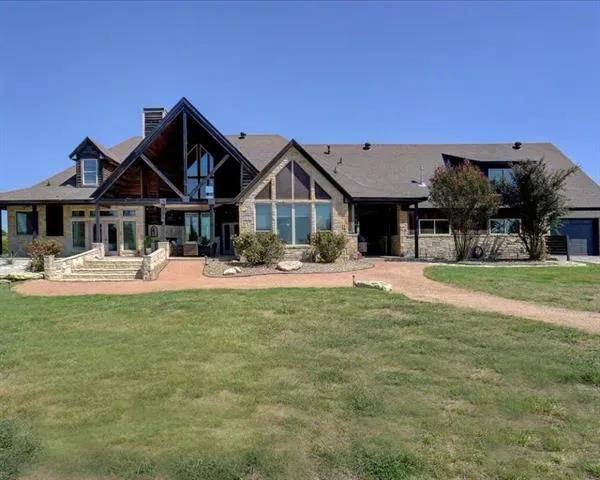 Welcome to this private, gated-entry home set on over 13 acres with approximately 118 feet of main-body lakefront. The home features a wrap-around porch, a large foyer with hardwood floors, a spacious living area with high windows, and a 3-way gas wood combo stone fireplace. The open-concept kitchen includes a double oven, gas stove, and walk-in pantry. The primary bedroom has its own fireplace, sitting area, and French doors opening to the back porch. Upstairs, is bedroom 4 offering views of the surrounding landscape from above. New container home with full amenities provides treed privacy for guests. Additional features include a large flexible room above garage, seasonal creek, and lake views.
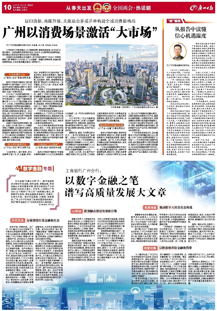 - 广州以消费场景激活“大市场” 文/广州日报全媒体记者许晓芳、陈薇薇、赵方圆、李晓璐、何瑞琪 今年政府工作报告提出,大力提振消费、提高投资效益,全方位扩大国内需求。促进消费和投资更好结合,加快补上内需特别是消费短板,使内需成
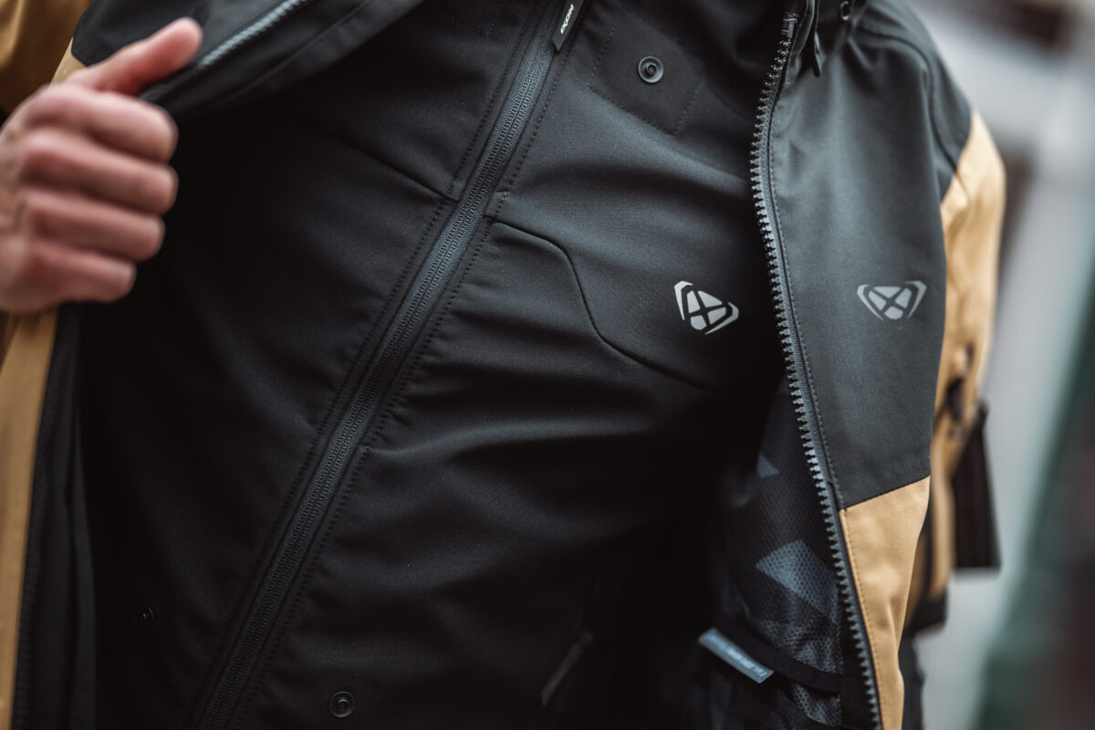 肩とヒジにCEプロテクターを標準装備するほか、胸部にもオプションのプロテクター用ポケットをもつ。
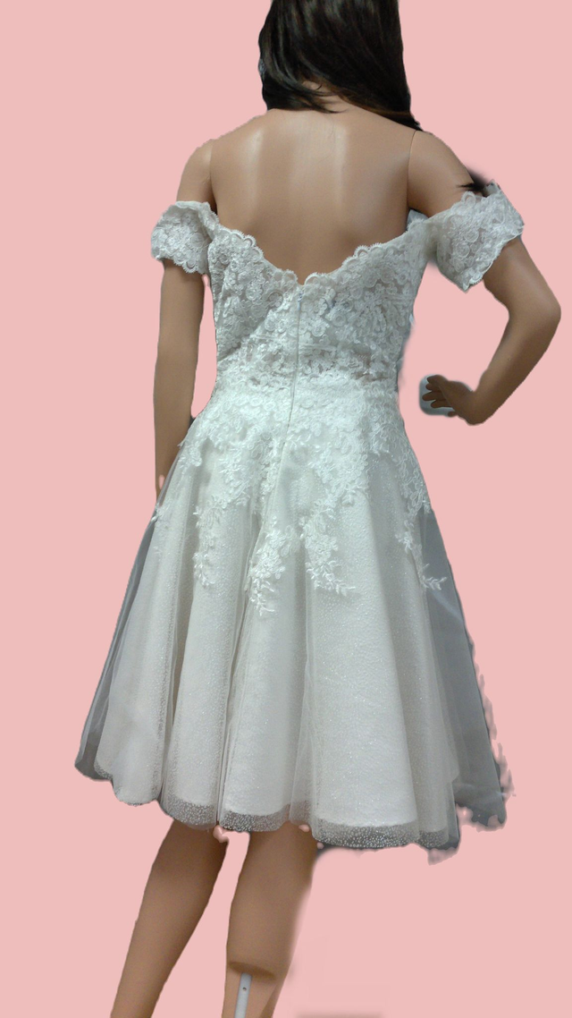 La Mandy Robe de mariée princesse courte est un joli modèle de robe qui saura mettre en valeur votre silhouette. Avec ses épaules tombantes et son décolleté en forme de cœur, elle apportera une touche romantique à votre tenue. La forme princesse allongera votre silhouette, tandis que le soutien-gorge intégré assurera maintien et confort tout au long de la journée. Sa fermeture éclair dans le dos permettra un enfilage facile et rapide. Vous avez la possibilité de composer cette robe selon vos envies sur commande, pour un résultat unique et personnalisé. Fabriqué en tissu de haute qualité, cette robe vous garantit une tenue élégante et confortable pour le plus beau jour de votre vie.
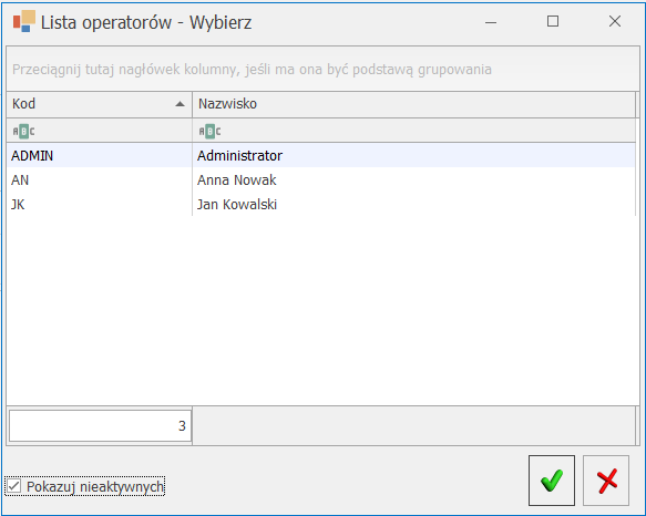 - Nieaktywny – parametr do zaznaczania wzorców niewykorzystywanych.
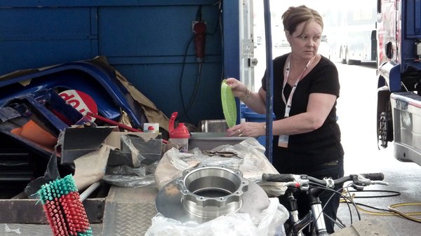 Pista a kép alapján megállapította, hogy a magasabbik bácsi Dave Phillips. Ő az Öhlins gyári futóművese, aki még Ari Vatanennek és John Surteesnek dolgozott. Jó arc és van tudás a fejében, érdemes vele dumálni. Én viszont franciául próbálkoztam szóba elegyedni ezzel az emberrel és sikerült. Szóval most nem tudom. A lényeg, hogy hamar elhárította a hibát, így én és Lacko szabadon távozhattunk a bokszutcából a fantasztikusan herregő és szuszogó teherautóval.
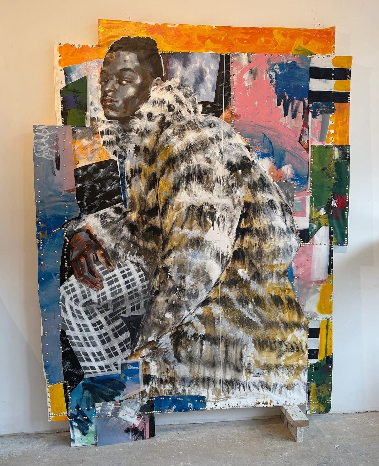 His paintings play with depth and form, appearing to borrow from cubism and neo-expressionism, though his style, as he would admit, is evolving constantly. The pieces that hold the most visual weight in his gallery are full-body portraits, like acrylic Standing tall, a painting that does just that, at over seven feet tall. The painting depicts a Black man crouched on a kneeling knee, clad in a striped fur coat and patterned pants. While his clothes and skin are subdued in colour, the rest of the work pieces together swishes and blocks of colour, adding a new meaning to the layering process of painting. The painting extends beyond the boundaries of even a conventional large frame, darting out in several spots that appear to be additions to the canvas. It leaves the viewer with the impression that his subject is larger than life.
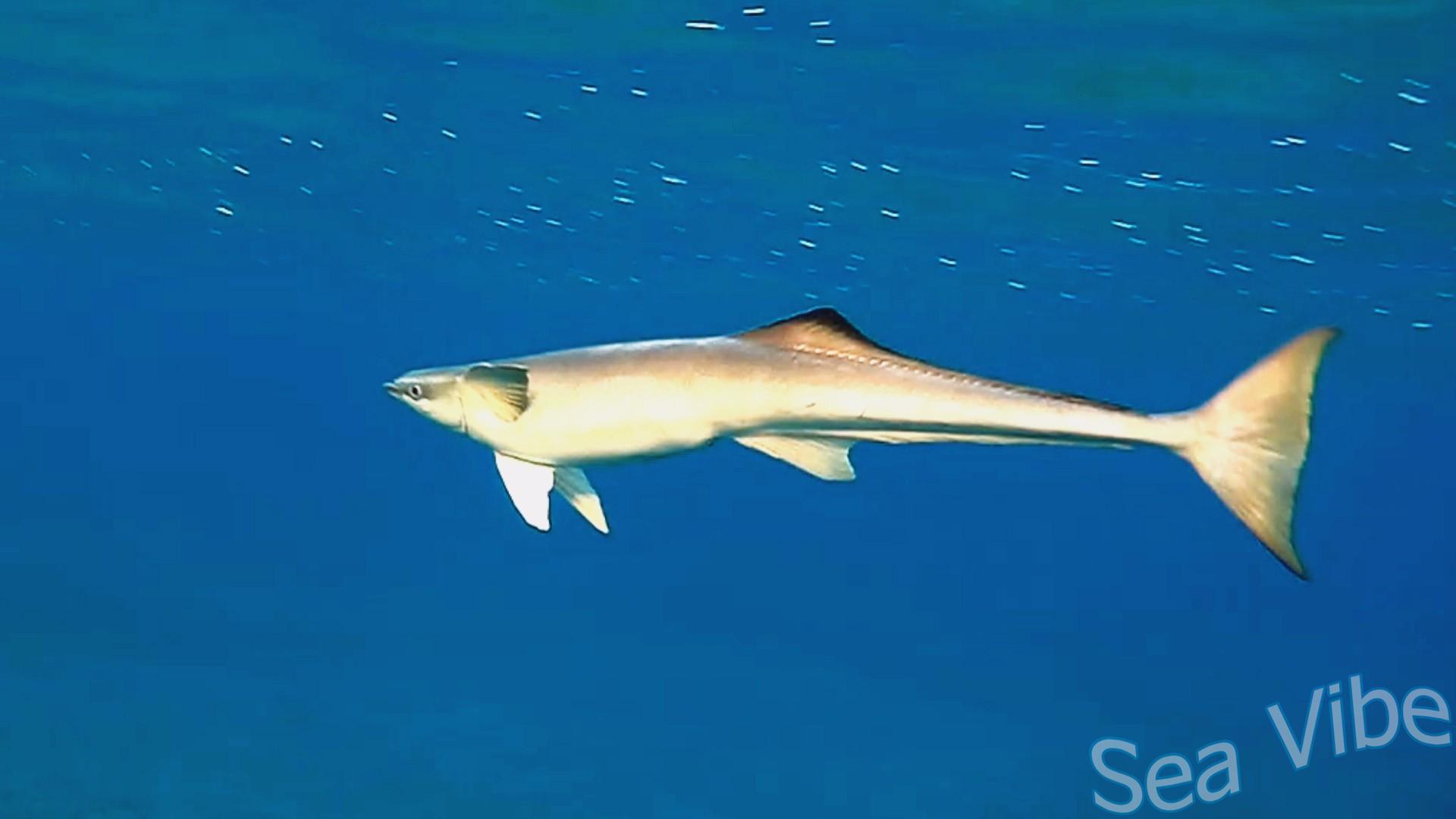Live sharksucker (Echeneis naucrates) in search of a free Green turtle.
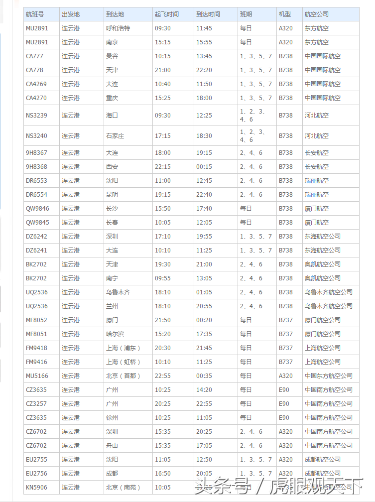 1. 机场:有一军民两用机场:白塔埠机场,位于东海县白塔埠镇,距离市区25KM。现开通航线:呼和浩特,南京,天津,重庆,石家庄,海口,大连,西安,沈阳,昆明,长春,长沙,深圳,乌鲁木齐,兰州,成都,厦门,哈尔滨,上海,北京,广州等20多个国内城市,国际航班可达曼谷。

··········

### Work instruction
Produce an exact copy of only those lines that run from the line with "His paintings play" to the final line of the records, including both; exclude images.

### Result
 His paintings play with depth and form, appearing to borrow from cubism and neo-expressionism, though his style, as he would admit, is evolving constantly. The pieces that hold the most visual weight in his gallery are full-body portraits, like acrylic Standing tall, a painting that does just that, at over seven feet tall. The painting depicts a Black man crouched on a kneeling knee, clad in a striped fur coat and patterned pants. While his clothes and skin are subdued in colour, the rest of the work pieces together swishes and blocks of colour, adding a new meaning to the layering process of painting. The painting extends beyond the boundaries of even a conventional large frame, darting out in several spots that appear to be additions to the canvas. It leaves the viewer with the impression that his subject is larger than life.
Live sharksucker (Echeneis naucrates) in search of a free Green turtle.
 1. 机场:有一军民两用机场:白塔埠机场,位于东海县白塔埠镇,距离市区25KM。现开通航线:呼和浩特,南京,天津,重庆,石家庄,海口,大连,西安,沈阳,昆明,长春,长沙,深圳,乌鲁木齐,兰州,成都,厦门,哈尔滨,上海,北京,广州等20多个国内城市,国际航班可达曼谷。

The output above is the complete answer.